In this hypothetical, it is important to consider the extent to which the categories of unclaimable material may influence the version for which ABC, Inc. seeks registration. For example, the hypothetical above notes that 35% of the code for version 3.1 is the same code used in ABC’s version 1.0, which was the version initially licensed by ABC’s beta customers.
Since the Copyright Office guidance material indicates that “publication” includes the distribution of copies of a work to the public by sale or other transfer of ownership, lease, or lending, 4 ABC’s licensing of OneForAll v.1.0 to the beta customers may render this 35% of the code as having been “previously published. Consequently, ABC may need to register OneForAll v.3.1 it as a “derivative work” and exclude the source code from OneForAll v.1.0 from its registration. 5
Further, if ABC, Inc. sought to register OneForAll v.1.0, it likely will not adequately cover the 63% of new expressions embodied in v.3.1. 6 Depending on when ABC added the 2% of the code that is contributed by licensed third-party tools (i.e., whether in version 1.0, or sometime thereafter), it too may need to be excluded from the registration.
As indicated in the basic hypothetical above, understanding the composition of the source code for each version of software will likely be an important step to take prior to applying for copyright registration. As software’s source code composition may change from version to version, so too might the need for excluding certain portions of the source code from the application for registration, and those changes may alter the scope of claimed material.
This article and series are not intended to be a comprehensive guide to software copyright registrations. Much more comprehensive guidance is published by the Copyright Office in the form of the Compendium of U.S. Copyright Office Practices, Third Edition (available at: https://www.copyright.gov/comp3/docs/compendium.pdf). Additional guidance materials are available in the form of Copyright Circulars published by the Copyright Office (available at: https://www.copyright.gov/circs/).
DisputeSoft’s software experts have substantial experience in reviewing and analyzing computer source code in copyright infringement matters, and specifically have experience in matters where the scope of the copyright registration has had material influence on the outcome of the matter.
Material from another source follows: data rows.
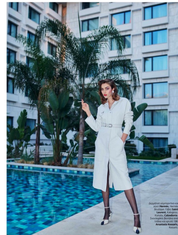
Adoptar el espíritu de la moda es el elemento que define el estilo de una mujer. Adoptar el espíritu de la moda es el elemento que define el estilo de una mujer.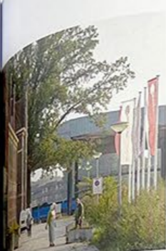
Zicht op het nieuwe station langs de monumentale Friskazerne, onderdeel van Maurits Zuid.

/ Behind the preserved wall of the former Enka factory lie secluded neighbourhoods.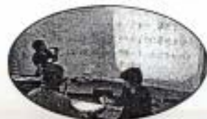
一例:要約筆記ボランティア講座

☆社協会員募集中☆ 会費はボランティア活動費にも充てられます。詳細は社会福祉協議会へ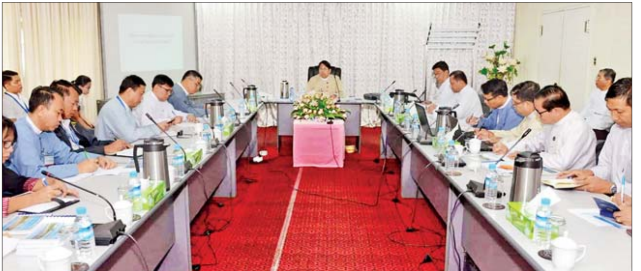
တော်နေ့ အထိမ်းအမှတ်အဖြစ် နိုဝင်ဘာ ၂၇ ရက် နံနက် ၉ နာရီတွင် ရန်ကုန်မြို့၊ ဆူးလေဘုရားလမ်းရှိ Sule Shangri-la ဟိုတယ်၌ ကျင်းပမည်ဖြစ်ပြီး အမျိုးသားစာပေတစ်သက်တာဆု နှစ်ဆု၊ အမျိုးသားစာပေဆု ၁၀ဆု၊ စာပေပိမာန် စာမူဆု ၂၄ ဆုတို့ကို ချီးမြှင့်သွားမည် ဖြစ်ကြောင်း သိရသည်။ သတင်းစဉ်

၂၀၁၈ ခုနှစ်အတွက် အမျိုးသားစာပေတစ်သက်တာဆု၊ အမျိုးသားစာပေဆုနှင့် စာပေပိမာန်စာမူဆုများအတွက် ဆုချီးမြှင့်ခြင်း အခမ်းအနားကို မြန်မာ့သက္ကရာဇ် ၁၃၈၁ ခုနှစ် နတ်တော်လဆန်း ၁ ရက်နေ့တွင် ကျရောက်မည့် စာဆို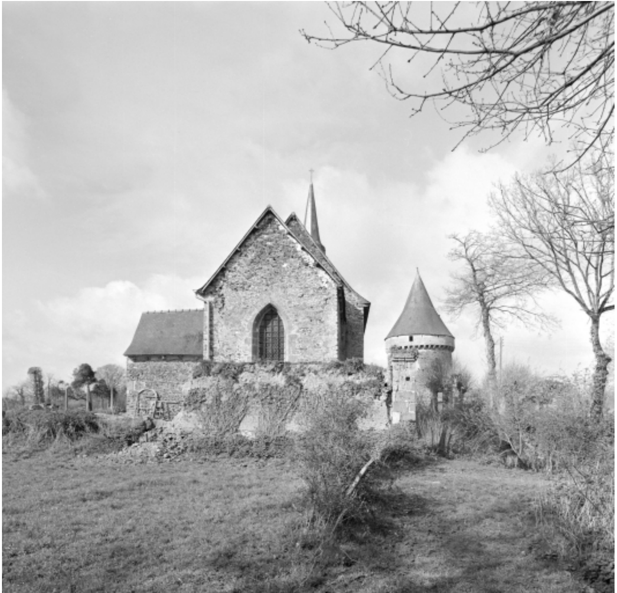
Elévation Est : vue générale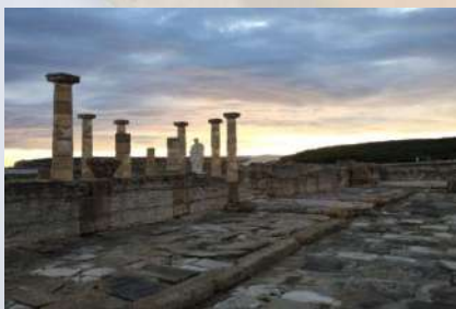
Yacimiento Arqueológico Baelo Claudia (Cádiz)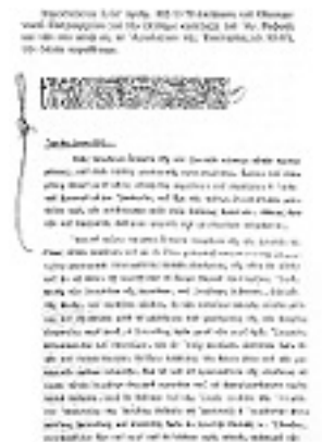
Επίσημος κατάταξη του Αγ. Ραφαήλ και των συν αυτώ, εις το Αγιολόγιον της Εκκλησίας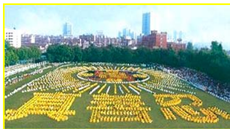
■图 为 1998 年，武汉 5000 多名法轮功学员集体炼功。

因李洪志先生和法轮大法对人类身心健康作出的杰出贡献，至今获得各国政府褒奖、支持议案信函超过3000项。自2000年起，李洪志先生连续四年被提名诺贝尔和平奖。◇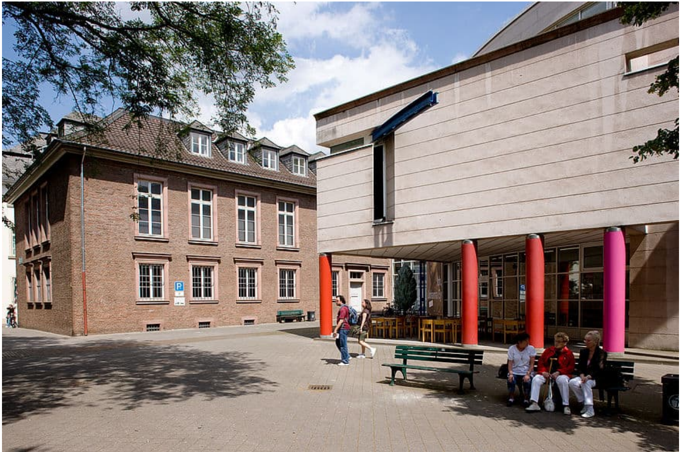
Das Stadtmuseum am Rande der Altstadt

Inzwischen steht die Frage im Raum, ob es überhaupt ein Neubau sein muss. Vorgeschlagen wurde, das Deutsche Foto-Institut im jetzigen Stadtmuseum an der Berger Allee unterzubringen und die zugesicherten Zuschüsse für den Umbau des leicht chaotischen Gebäudekomplexes einzusetzen. Der Bestand des Stadtmuseums könnte wiederum im neuen Haus der Geschichte am Mannesmannufer unterkommen, das ja fortlaufend modernisiert und erweitert wird.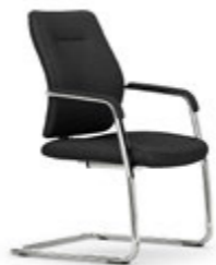
Estructura cromada. Estructura cromada / Structure chromée / Chrome frame / Gestell Verchromtes.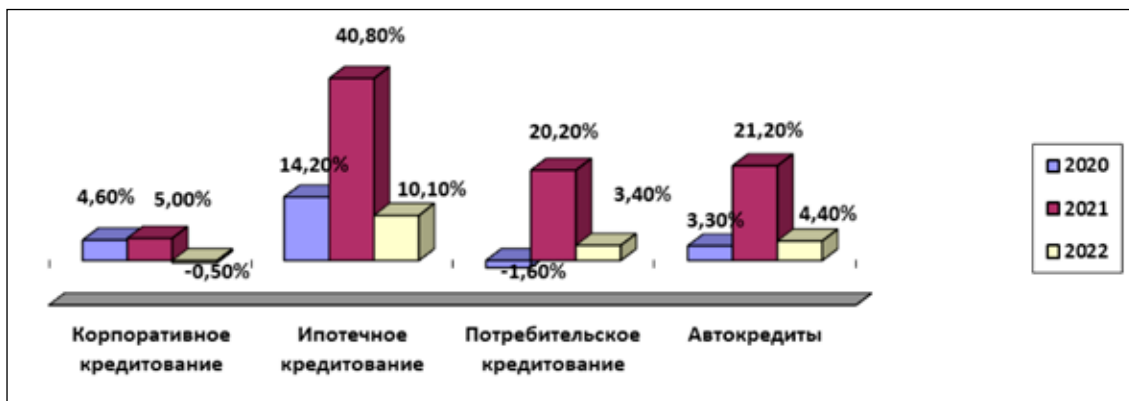
Рис. 2. Динамика темпов и объемов в структуре банковского кредитования за период с 2020 по 2022 гг., % [6]

Традиционно преобладающее значение в формировании потенциала финансового сектора российской экономики приходится на банки и банковские услуги. Банковский сектор показывает устойчивый рост и является крупнейшим сегментом российского финансового рынка. В условиях современных трансформаций финансового сектора, неопределенности политической и экономической ситуации в стране банки остаются основным источником финансирования бизнеса и населения.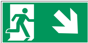
Beispiel für Rettungsweg/Notausgang (E002) mit Zusatzzeichen (Richtungspfeil)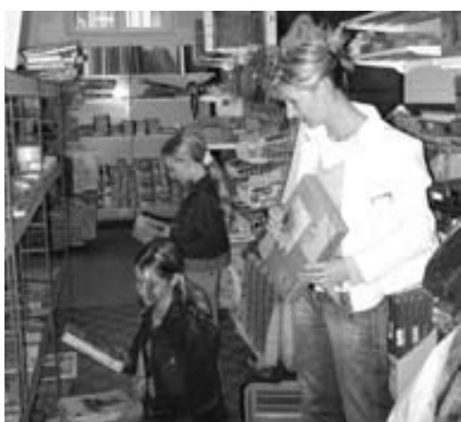
Kdo si nakoupil v klidu o prázdninách, vyhne se v září frontám

Začátek září je vždy ve znamení nástupu do školy. Nákup školních pomůcek je pro většinu rodičů i žáků spíš nepříjemnou povinností, ale pro ty, kteří se do školy chystají poprvé, může být zdrojem velké radosti. Rodiče prvňáčků pravděpodobně nakupují s předstihem, protože vstup do první třídy bývá významnou událostí pro celou rodinu. Opozdilci si budou muset v září již vystát frontu.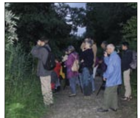
La sortie «Sur les traces du castor» a connu un grand succès. Tous les participants ont pu observer cet animal farouche et discret.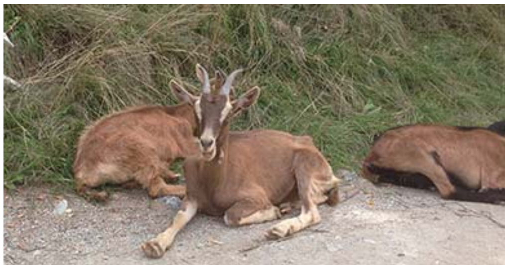
Ziegen von Ossona San Scarl, St-Martin VS, geniessen den Schatten im heissen Sommer 2015. Les chèvres d'Ossona San Scarl, St-Martin (VS), profitent de l'ombre durant la canicule estivale 2015.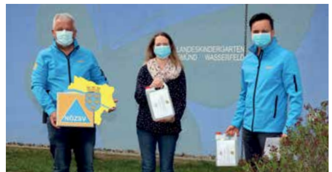
Übergabe von Hände- und Flächendesinfektionsmittel an den Landeskindergarten Gmünd-Wasserfeld.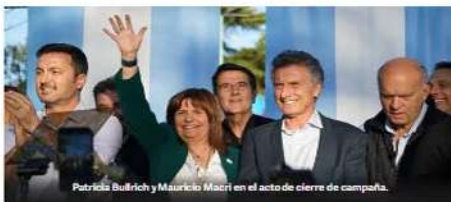
Patricia Bullrich y Mauricio Macri en el acto de cierre de campaña.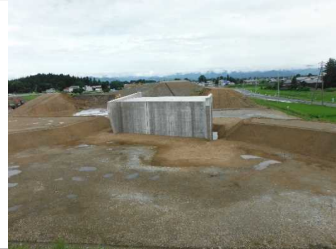
川西町西大塚 地内(米沢方面)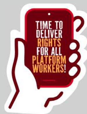
Campaña de la CSI en favor de los trabajadores de plataformas.

que la empresa colombiana restableciera su sistema de asignación de pedidos, aumentara la tarifa por pedido y dejara de penalizar a las personas repartidoras. El sindicato trabajó con un equipo legal que le asesoró para lograr el reconocimiento. 9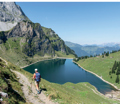
Après la première montée, le lac Bannalpsee se montre dans toute sa splendeur.

https://brunni.ch/de/Detail/walenpfad Auberge de montagne Chrüzhütte, 041 628 23 09, https://chruezhuette.ch/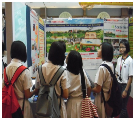
峇株巴轄展場參展學生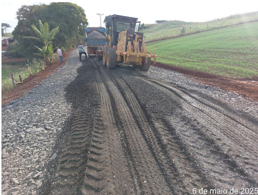
Foto 08. Execução da base em brita graduada.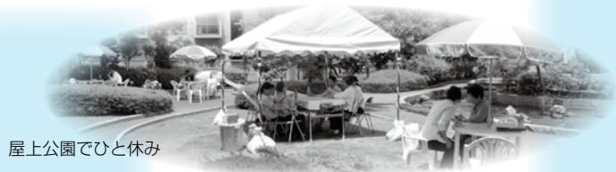
屋上公園でひと休み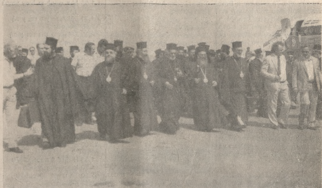
Η Πατριαρχική Εξαρχία συνοδευόμενη από εκπροσώπους της Εκκλησίας της Κρήτης, αμείωως μετά την άφιξη της στο αεροδρόμιο του Ηρακλείου.

Εμείς, δεν θα τοποθετηθούμε υπέρ της μίας ή της άλλης πλευράς, αφού γίνεται προσπάθεια επιλύσεως του θέματος, και γιατί για την εφημερίδα μας πάνω από όλες τις θέσεις και τις απόψεις, βρίσκεται το καλώς νοούμενο συμφέρον της Εκκλησίας της Κρήτης. Σημειώνω όμως, την σπουδήποτε άκαιρο τοποθέτηση του Προέδρου της Εξαρχίας, ο οποίος, βεβαίως, δικαιούται να έχει τις απόψεις του, αλλά δεν νομίζουμε ότι εδικαιούται να τις διατυπώσει δημοσίως, πριν καν έλθει σε επαφή με όλους, και ακούσει έστω και τυπικά, τις δι'εταμένες απόψεις.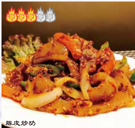
炒猪皮 880 円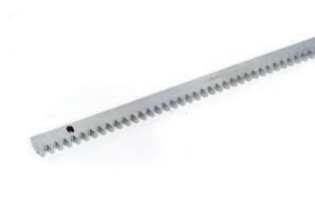
Model 4 kaynaklı bağlantı parçaları ile galvanize kremayer 30x12 (4 m'lik paket)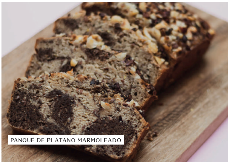
PANQUÉ DE PLÁTANO MARMOLEADO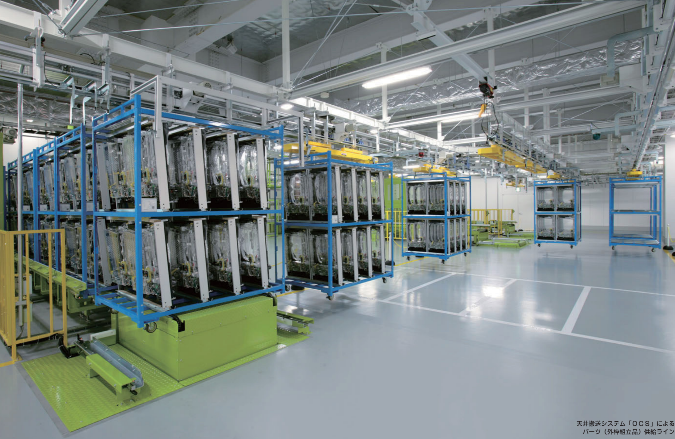
天井搬送システム「OCS」による パーツ（外枠組立品）供給ライン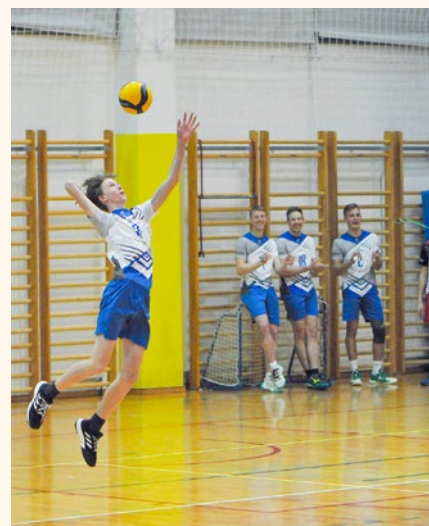
Vid na servisu proti članski ekipi iz Črnuč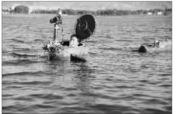
“山寨”潜艇终于试水成功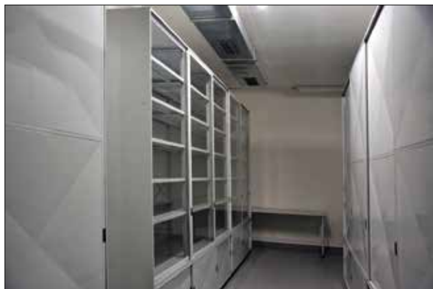
▲ Obr. 5: Skříňové regály s uzavřeným úložným prostorem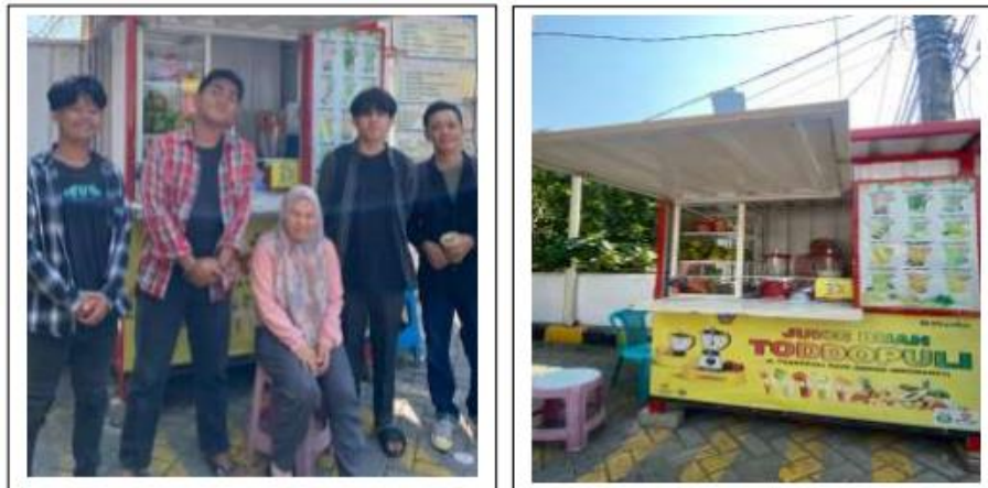
Gambar 1 dan 2 Kegiatan Kunjungan dan Perencanaan Kegiatan

Tujuan kegiatannya ialah merencanakan proyek serta mendiskusikan umkm apa yang akan menjadi objek pada proyek ini dan mencari serta wawancara pada UMKM yang akan menjadi tempat pelaksanaan proyek. Kegiatan yang kami lakukan yaitu yang pertama mendiskusikan UMKM apa yang ingin di pilih sebagai objek proyek. Lalu kita mencari UMKM yang ada disekitaran kita yang menjual JUS BUAH karena kami telah sepakat untuk memilih UMKM JUS, kami menemukan JUS BUAH TODOPULI lalu kami memesannya dan langsung mewawancarai pemilik UMKM tersebut. Kami juga meminta izin untuk menjadikan usaha tersebut sebagai objek kegiatan kami.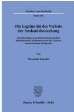
Die Legitimität des Verbots der Auslandsbestechung Ladenpreis: 82,20EUR

Wir haben andere Produkte gefunden, die Ihnen gefallen könnten!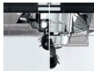
Unterschiedlich hohe Brühgruppen für alle Getränkearten bzw. Tassen / Gläser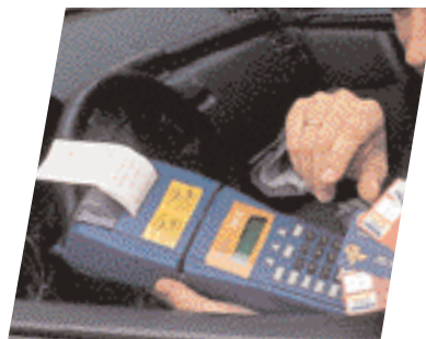
Telefónica Data España ha colaborado con First Data Ibérica en la puesta en marcha del sistema de pago en los taxis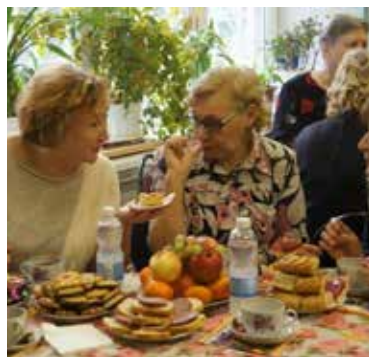
Через год на этом же месте!

На чаепитии для пенсионеров «КАМАЗ-Энерго» родился гимн родному предприятию.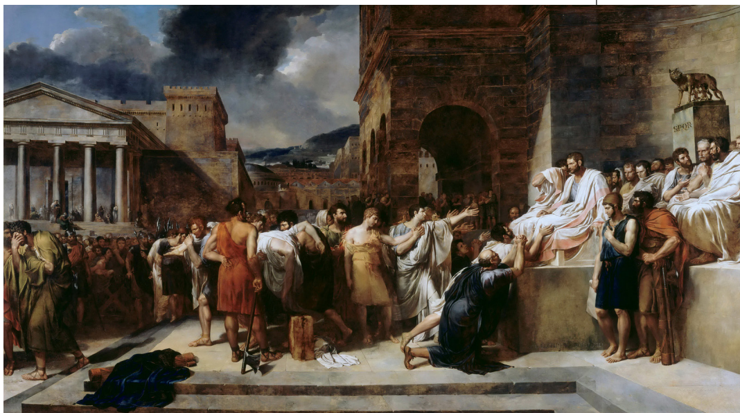
Рис. 2. Гийом Гийон-Летьер. Брут осуждает своих сыновей на смерть. 1788. Институт искусств С. и Ф. Кларк, Уильямстаун, США

А.В. Прокофьев Беспристрастность: анализ морального понятия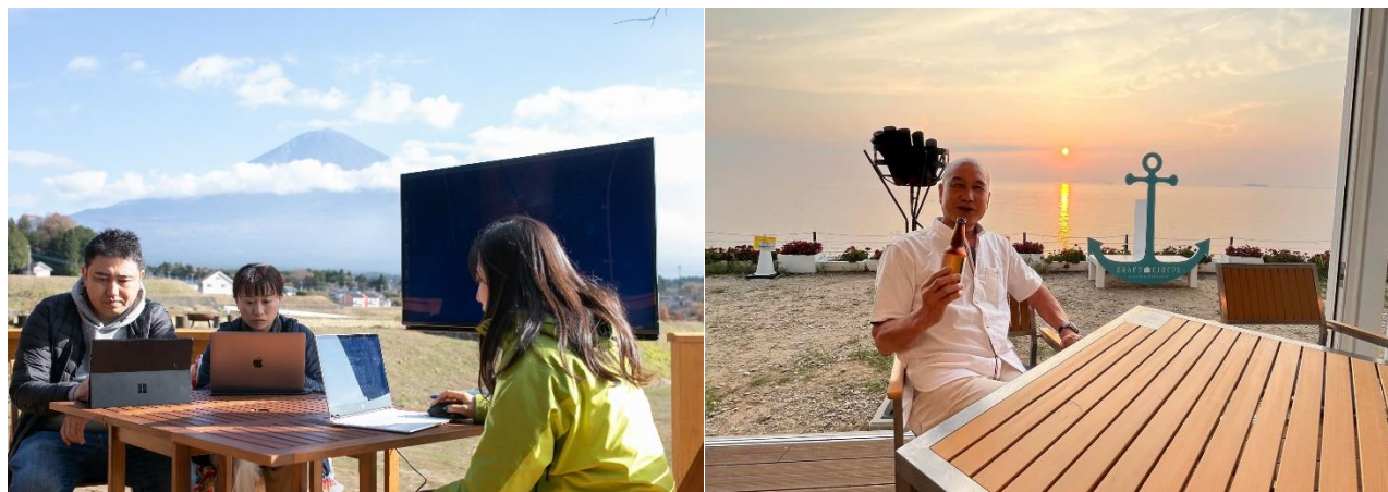
ワーケーション風景事例（本書抜粋）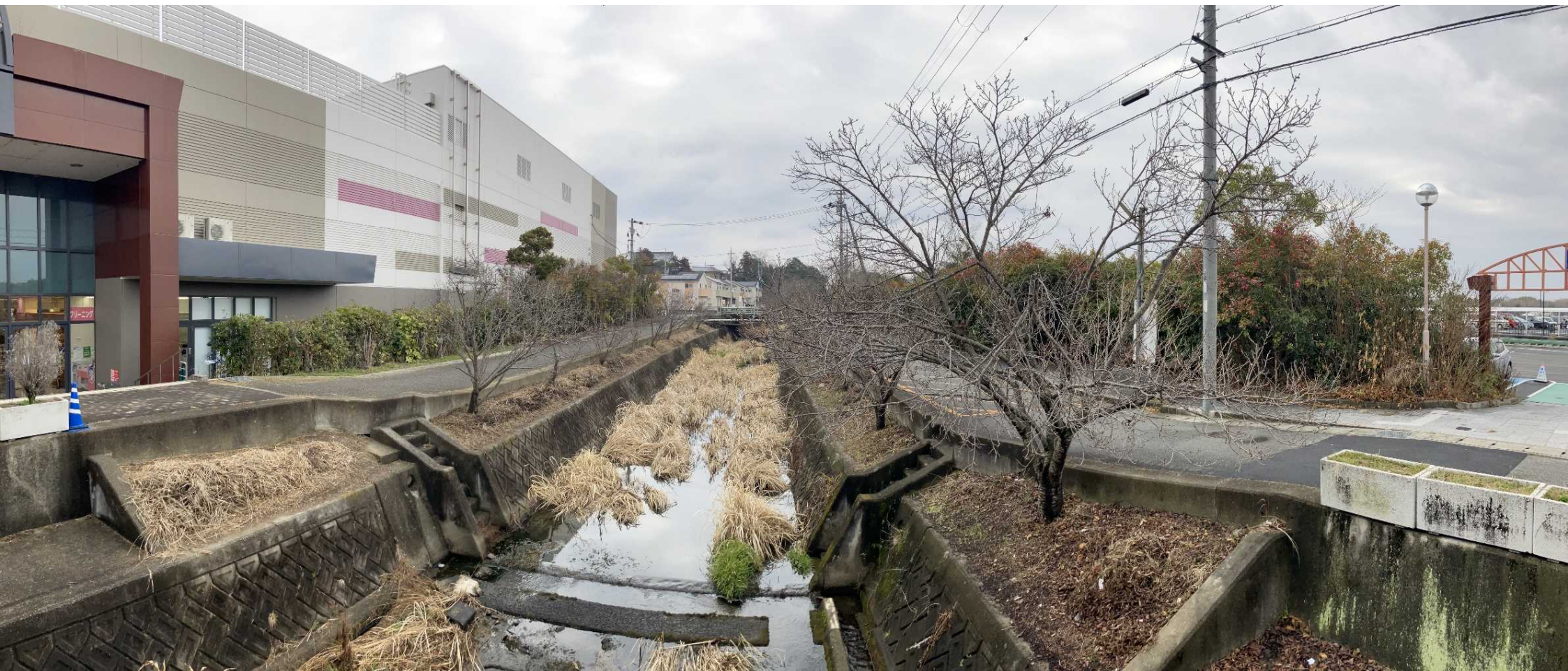
やしろショッピングパークBio前 下川現況写真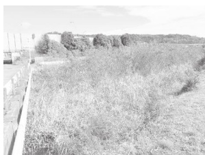
草木の生い茂る大山川

答 河川管理者である 県に情報を提供し、現 場確認を依頼します。 問 大山池の水位が高 く、あふれる危険があ り、対策が必要では。 答 平成30年に導水路 を整備してから水があ ふれる危険性は改善し ました。余水吐の切り 下げは水利権者の同意 が必要であり、協議中 です。 問 大山池の擁壁や地 面が削られています。 どのように取り組んで いくのか。 答 大山池の堤体の一 部は、市道の法面を兼 ねているので、状況を 確認し、県にも情報を 提供します。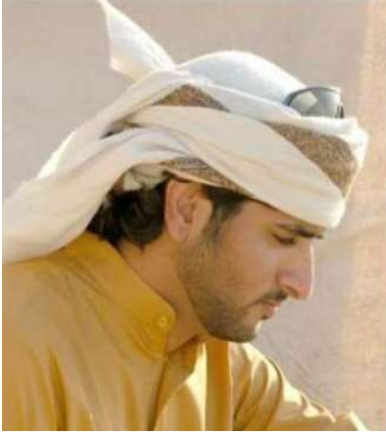
صوره (١٠) توضح شكل الشماع الإماراتي ( https://commons.wikimedia.org )

For more information on DisputeSoft’s copyright infringement experience, visit our services page, and browse the firm’s representative copyright infringement matters.
- Copyright Act of 1976, 17 U.S.C. §§101,102(a)(1) (1976); see also Apple Computer v. Franklin Computer Corp., 714 F.2d 1240, 1248 (3d Cir. 1983) (“Thus, a computer program, whether in object code or source code, is a ‘literary work’ and is protected from unauthorized copying, whether from its object or source code version.”). ↩︎
- Copyright Act of 1976, 17 U.S.C. §411(a) (1976). ↩︎
- Compendium of U.S. Copyright Office Practices, Third Edition, §503.5 ↩︎
- Compendium of U.S. Copyright Office Practices, Glossary, p. 15. ↩︎
- Compendium of U.S. Copyright Office Practices, §1509(1)(F)(2) (“If a computer program contains an appreciable amount of unclaimable material, the program should be registered as a derivative work.”)
- See e.g., Airframe Systems v. L-3 Communications, 658 F.3d 100, 106 (1st Cir. 2011) (affirming a lower court decision to grant summary judgment in favor of L-3 because the evidence of copying presented was between L-3’s program, and an unregistered 2009 derivative of Airframe’s program, and not an earlier registered version).